The head of the Russian parliament further fuelled mistrust as he spoke out against a prisoner exchange following the capture of Ukrainian fighters in Mariupol.
"Nazi criminals are not subject to exchange. They are war criminals and we must do everything to bring them to justice," Vyacheslav Volodin said during a plenary session.
Ukraine hopes for an exchange of the more than 260 of its own soldiers who had left the besieged Azovstal steelworks.
Some of the Ukrainian fighters in Mariupol belong to the far-right nationalist Azov regiment, seen by Moscow as a neo-Nazi unit.
The Russian military said it had captured 265 Ukrainian fighters from the plant since Monday.

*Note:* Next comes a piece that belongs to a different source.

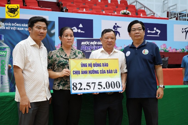 "The organizing committee has donated more than 82 million VND to the Vietnam Fatherland Front Committee of Vinh Long province, to support people in the Central and Central Highlands provinces affected by storms and floods. This amount of money was donated from units, organizations, individuals and audiences present at the stadium - a beautiful testament to the spirit of sportsmanship for people", the VTV Binh Dien Long An club homepage has just announced.
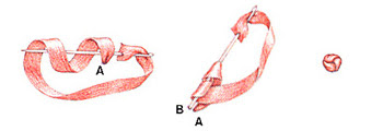 Шов «закрученная лента» представляет собой ленту скрученную в виде спирали. Лента, прикрепленная несколькими ниточными потайными стежками к основной ткани, выводится на лицевую поверхность фонового материала и закручивается последовательно и продольно подобно спирали. Необходимо следить за правильностью расположения ленты: она должна выкладываться блестящей лицевой стороной наверх и не заходить на ближайшие витки ленты, кромки должны касаться друг друга встык. В щели касания ленточных кромок прокладываются потайные ниточные стежки, соответствующие цвету ленты, которые прикрепляют ленту к ткани. Чтобы витки закрученной ленты не раскручивались, ленточный конец выводится на изнаночную сторону и прикрепляется к основному материалу потайными ниточными стежками. Закрученная лента применяется для изображения стеблей, ветвей, узких лепестков цветов. Цветочные тычинки можно выполнить ленточным жгутом с узлом на конце.

"In the past 24 hours, 265 fighters, including 51 seriously wounded, have laid down their weapons and were taken into captivity," Russian Defence Ministry spokesman Igor Konashenkov said.
The numbers differ slightly from Kiev's information, which spoke of 264 prisoners, among them 52 seriously injured.
The Russian ministry published a video showing the capture of the Ukrainians, medical treatment being administered and the injured being taken away.
Efforts to rescue the last remaining Ukrainian soldiers in Mariupol continue, according to Kiev.
"We are working on further stages of the humanitarian operation," Ukrainian Deputy Prime Minister Iryna Vereshchuk wrote on Telegram.
Hundreds of civilians were evacuated from the plant in recent days.
Meanwhile, British intelligence said Russian armed forces are increasingly relying on "indiscriminate artillery bombardment" of Ukraine and "an unwillingness to risk flying combat aircraft routinely beyond its own front lines."
Several buildings were attacked in the western Russian region of Kursk on the border with Ukraine, Kursk Governor Roman Starovoyt announced. This could not be independently verified.
Seven civilians were killed in Ukraine's eastern Donetsk region by Russian troops, the head of the local military administration said.
At least 382 civilians have been killed and 1,096 injured in Donetsk alone since Russia's invasion, according to Ukrainian figures.
Russia's Deputy Prime Minister Marat Khusnullin visited Ukraine's Kherson on Tuesday, and said the region would take a "worthy place in our Russian family," RIA Novosti reported.